# Retrofitting Vintage doorknobs on bathroom/bedroom doors



## biggabush (Jan 27, 2010)

All, 
I recently purchased vintage style, inactive, doorknobs from Anthropologie that I would like to retrofit on existing doors in my bathroom and bedroom. 

The problem: 
The hole in the door (where the latch mechanism and doorknob were secured) is larger than the rosettes that came with the vintage knobs. 

The vintage rosettes are about a 1/4-1/2" too small and thus cannot fasten to the door directly. 

Does anyone have experience retrofitting vintage knobs on a modern door? The solution seems like it would be relatively easy, but every where I have been (Lowe's, Ace, Home Depot, etc.) is either confused by the problem or simply don't have an answer. 

Any help would be much appreciated!!!


----------



## firehawkmph (Dec 12, 2009)

Biggy,
You need to fill the current hole in and start over.
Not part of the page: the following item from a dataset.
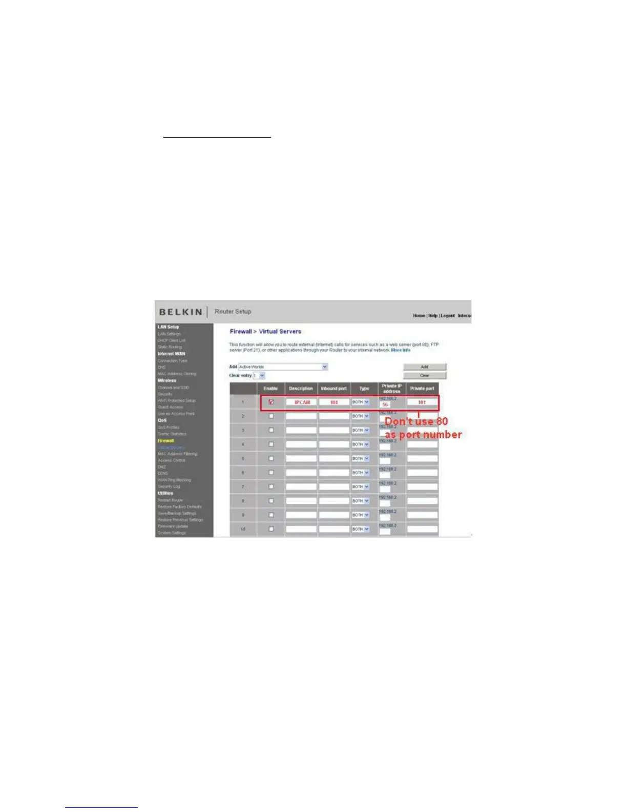 3. Input the port (don’t use 80) and IP address, then click save.

If you are painting the doors, should be no big deal. If the doors are stained, could be tougher.
You may get lucky and be able to cut some fillers with the next bigger size hole saw. A better way is to find someone in the area with a small wood lathe and have them turn some pieces to fill the holes. Glue them in place and redrill. 
Mike Hawkins


----------